> _Material provided_

###

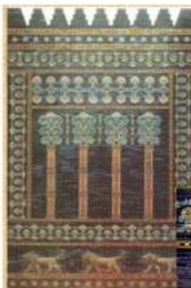
Реконструированный фрагмент облицовки стены тронного зала
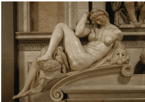
Fig. 9: Michelangelo, Notte , Firenze, San Lorenzo, Sagrestia Nuova.
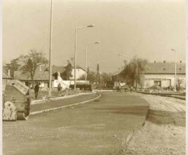
A Kossuth utca kiegyenesítési munkálatai I. (PSVK HGY)
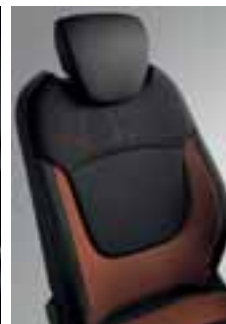
Perive dvobojne preslake u kombinaciji narančaste Arizona i tamnosive boje s uzorkom Captur
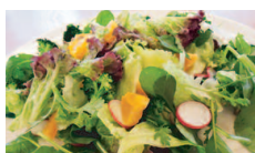
お野菜たっぷりサラダ
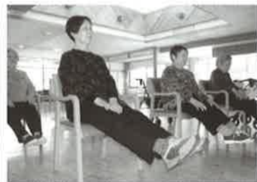
身体機能の維持、回復を図ります
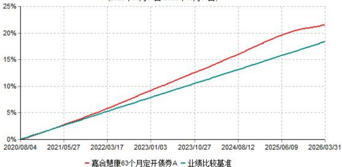
嘉合慧康63个月定开债券A累计净值增长率与业绩比较基准收益率历史走势对比图 (2020年08月04日-2026年03月31日)
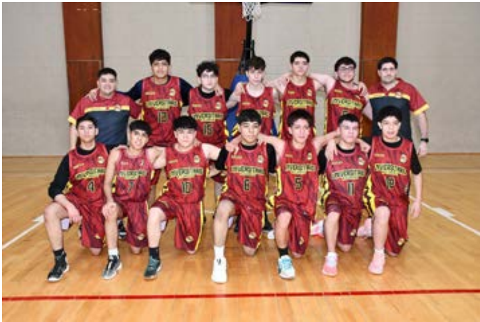
El equipo del Club Universitario, categoría U15.

###

> _Instructions for the task_
From the line with "身体機能の維持、回復を図ります" down to the end of the entries, retype each line exactly as written, but drop the pictures.

> _Expected output_
身体機能の維持、回復を図ります
嘉合慧康63个月定开债券A累计净值增长率与业绩比较基准收益率历史走势对比图 (2020年08月04日-2026年03月31日)
El equipo del Club Universitario, categoría U15.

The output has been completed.